So, one of the great things about writing for the blog is being able to converse with the many people who share a similar passion to me.  Which is why I love seeing your comments and replies on here and on G+.  I try to reply to as many as possible!

We also get some feedback and tips.  A few days back I got a tip from one of our readers in Montreal, Sivan.  (you know her?  everybody knows Sivan – she once made an ICS Android cake)

She suggested I look into a bug her son found on her Transformer Prime.

As the story unfolds, just about every Transformer tablet comes with an app called “App Locker“, which is a great little app to help password protect a single app on your tablet.  Sivan was using it to lock out the Play Store, so her kids wouldn’t buy tons of games on her credit card.  (Smart idea, wonder why I didn’t think of it sooner.  I don’t know how many times I’ve been able to notice that “purchase key” pop up on my phone when my son plays Cut the Rope.)
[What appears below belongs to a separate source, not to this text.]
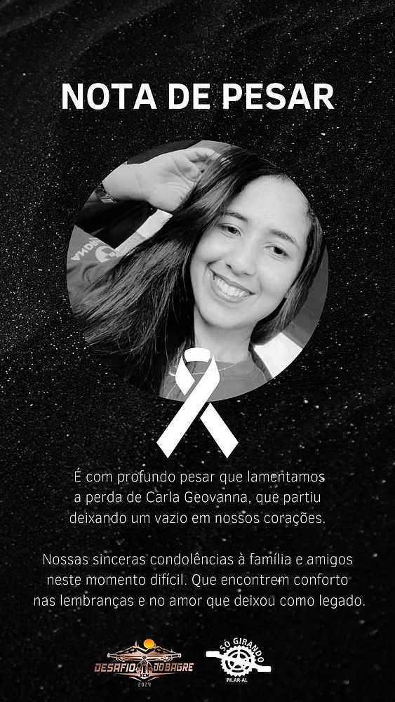 Expressamos nossos sentimentos mais profundos à família, amigos e companheiros de pedalada de Carla Geovana. Sua partida deixa uma imensa lacuna em nossa comunidade, e sua paixão pelo ciclismo certamente será lembrada com carinho por todos que tiveram a oportunidade de conhecê-la.

Well, kids being ingenious as they are, hers somehow entered a magical combination that wasn’t the password which borked App Locker.  This caused it to force close and then allowed the Play Store to load normally.  The magical combination?  Just a simple emoticon.

:-[

I was sceptical.  Some random emoticon, something so simple was able to out manoeuvre a security app?  So I had to give it a try.

Kid was right.

So, in the video you see me trying out both AnySoft Keyboard and SwiftKey keyboard; and I’ve tried it out with Thumb Keyboard and the Asus one as well.  If your keyboard is able to reproduce the emoticon :-[ then it’ll crash the app and gain you access to what it was blocking.  Some keyboards allow it to crash on other emoticons… depends on what you have.

The photos show the app in the app tray, then locking the Play Store, then you’ll notice in the app tray, the Play Store now has a lock icon on it.  Clicking on the Play Store brings up the App Locker password screen.  When you enter the emoticon it crashes the app, opening the Play Store.

I think it has something to do with one press being able to enter in multiple items (yet a  doesn’t crash it… weird) in a single keystroke that causes it to go kerplooey.

The weird thing is that App Locker is still thinking that it’s doing it’s job.  If your kid does this to your tablet, you’ll still see the lock icon on the app (the notification may or not be there, depends), and if you open App Locker it’ll say it’s still activated.  The only way to make sure it is, is to de-activate it, then re-activate it.

I’ve contacted Asus about this bug and I’ll let you know when I hear some answers.

I don’t normally like to report on bugs or something like that as I know it can be cause for that whole FUD (fear, uncertainty, doubt), but I’ve tested it.  It happens.  And, especially in the case of handing over your tablet to a child who presses a lot of things, chances are they could buy some app on Play Store.  That could cost you money.  Sure it may not be the most expensive app (like that Vuvuzela one), but the scare for me is that even though it’s been compromised, it still acts as though everything is fine.

If you have this issue on your tablet, I recommend for the Play Store to set up a PIN in the app to protect it buying stuff without the proper PIN (I haven’t been able to crash that).  But if you’re protecting some other app, might want to take a look at another security app in the interim (i.e. until Asus can find the bug and fix it).

So, do you have an Asus tablet with App Locker?  Give it a try and see if you can reproduce the issue as well.

Do you use App Locker?  I didn’t until this was pointed out.